Abstract. Aviation's climate impact includes not only CO₂ emissions but also significant non-CO₂ effects, especially from contrails. These ice clouds can alter Earth's radiative balance, potentially rivaling the warming effect of aviation CO₂. Physics-based models provide useful estimates of contrail formation and climate impact, but their accuracy depends heavily on the quality of atmospheric input data and on assumptions used to represent complex processes like ice particle formation and humidity-driven persistence. Observational data from remote sensors, such as satellites and ground cameras, could be used to validate and calibrate these models. However, existing datasets don't explore all aspect of contrail dynamics and formation: they typically lack temporal tracking, and do not attribute contrails to their source flights. To address these limitations, we present the Ground Visible Camera Contrail Sequences (GVCCS), a new open data set of contrails recorded with a ground-based all-sky camera in the visible range. Each contrail is individually labeled and tracked over time, allowing a detailed analysis of its lifecycle. The dataset contains 122 video sequences (24,228 frames) and includes flight identifiers for contrails that form above the camera.

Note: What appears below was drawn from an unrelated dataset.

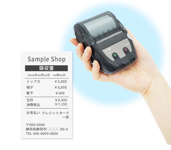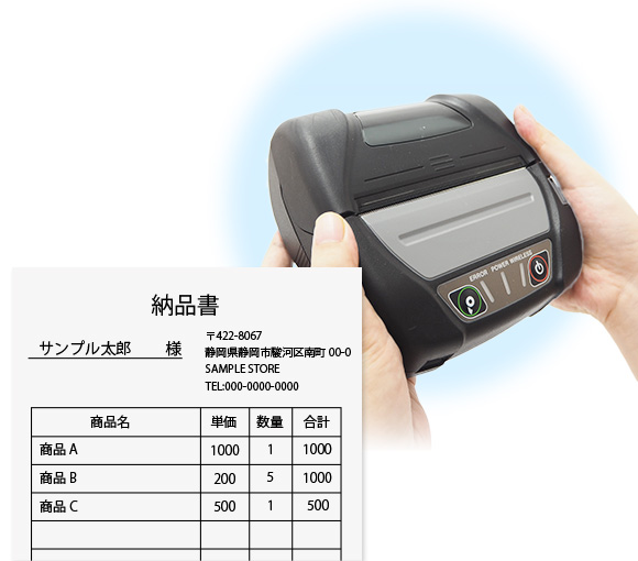 モバイルプリンターとは、バッテリーを内蔵し、コンセントがなくても使用可能な業務用小型プリンターです。スマートフォンやタブレット、ハンディ端末とBluetoothなどで接続し、その場ですぐに印刷することが出来るのが特長です。

As reference, we also propose a unified deep learning framework for contrail analysis using a panoptic segmentation model that performs semantic segmentation (contrail pixel identification), instance segmentation (individual contrail separation), and temporal tracking in a single architecture. By providing high-quality, temporally resolved annotations and a benchmark for model evaluation, our work supports improved contrail monitoring and will facilitate better calibration of physical models. This sets the groundwork for more accurate climate impact understanding and assessments.

Received: 25 Jul 2025 – Discussion started: 14 Oct 2025

Publisher's note: Copernicus Publications remains neutral with regard to jurisdictional claims made in the text, published maps, institutional affiliations, or any other geographical representation in this paper. While Copernicus Publications makes every effort to include appropriate place names, the final responsibility lies with the authors. Views expressed in the text are those of the authors and do not necessarily reflect the views of the publisher.

Download & links

Gabriel Jarry, Ramon Dalmau, Philippe Very, Franck Ballerini, and Stefania-Denisa Bocu

Status: final response (author comments only)

RC1:
'Comment on essd-2025-444', Anonymous Referee #1, 14 Oct 2025
General comments
This is a well-written paper that provides an extensive introduction to and description of a large, novel observational dataset of contrails. I have mostly minor comments, related to small details in the writing and presentation of the results. These can be found under “line-by-line comments”.
There are some open questions that remain after having read the manuscript, that I think should be addressed before the paper is published.
How were the to-be-labeled video sequences selected? Given a particular sequence start, how was its length determined? How do these choices affect the representability of the dataset, and the generalization performance of algorithms trained with it?

Do you expect that the video-based models would perform better as the length of the clips used for training them is increased? If I interpret the paper correctly, the maximum length of video clips that are used is 5 frames (so 2.5 minutes). This seems to be quite short, especially when placed in comparison to the length of temporal contexts used when analyzing geostationary satellite imagery (e.g. Ng et al. 2023).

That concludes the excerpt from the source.